Continuing with the example for PM2.5, the all_metrics variable should contain the following information:

{'Bias':
          {'Slope':
            {'description': 'Ordinary least squares regression slope',
             'bounds': (0.65, 1.35),
             'goal': 1.0,
             'metric_units': None},
          'Intercept':
            {'description': 'Ordinary least squares regression intercept',
             'bounds': (-5.0, 5.0),
             'goal': 0.0,
             'metric_units': '$\\mu g/m^3$'}
           },
 'Linearity':
          {'R^2':
            {'description': 'Coefficient of determination',
             'bounds': (0.7, 1.0),
             'goal': 1.0,
             'metric_units': None}
             },
 'Error':
          {'RMSE':
            {'description': 'Root mean square error',
             'bounds': (0.0, 7.0),
             'goal': 0.0,
             'metric_units': '$\\mu g/m^3$'},
          'NRMSE':
            {'description': 'Normalized root mean square error',
             'bounds': (0.0, 30.0),
             'goal': 0.0,
             'metric_units': '%'}
             },
 'Precision':
          {'SD':
            {'description': 'Standard deviation',
             'bounds': (0.0, 5.0),
             'goal': 0.0,
             'metric_units': '$\\mu g/m^3$'},
          'CV':
            {'description': 'Coefficient of variation',
             'bounds': (0.0, 30.0),
             'goal': 0.0,
             'metric_units': '%'}
             }
 }

Individual metric target values and ranges can be accessed via the get_metric() method. The example below is for accessing the description of the Slope performance metric:

metric = pollutant.PerformanceTargets.get_metric(metric_name='Slope')

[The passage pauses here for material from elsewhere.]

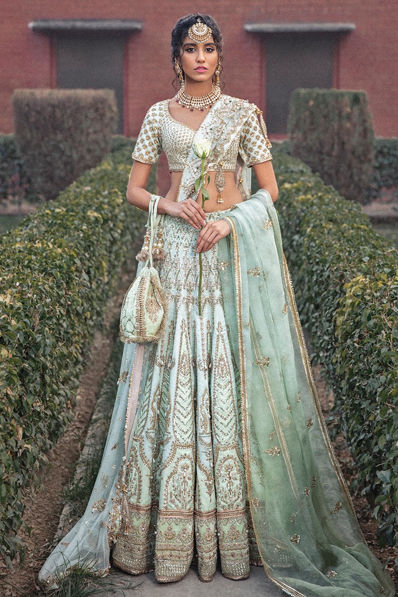 A luminous five-piece bridal ensemble in refreshing mint tones, blending airy silk textures, delicate hand embellishment, and layered dupattas for an effortlessly elegant bridal look.

Continuing with the example for PM2.5, the metric variable should contain the following information:

{'description': 'Ordinary least squares regression slope',
 'bounds': (0.65, 1.35),
 'goal': 1.0,
 'metric_units': None}

Setting Performance Targets and Metrics

For SDFS parameters that do not have preset performance targets or metrics, users can configure custom metric categories via the pollutant.PerformanceTargets.set_metric_category() method and target values via the pollutant.PerformanceTargets.set_metric() method. A detailed description and examples for both of these methods is included in the API documentation for sensortoolkit.parameter.PerformanceTargets.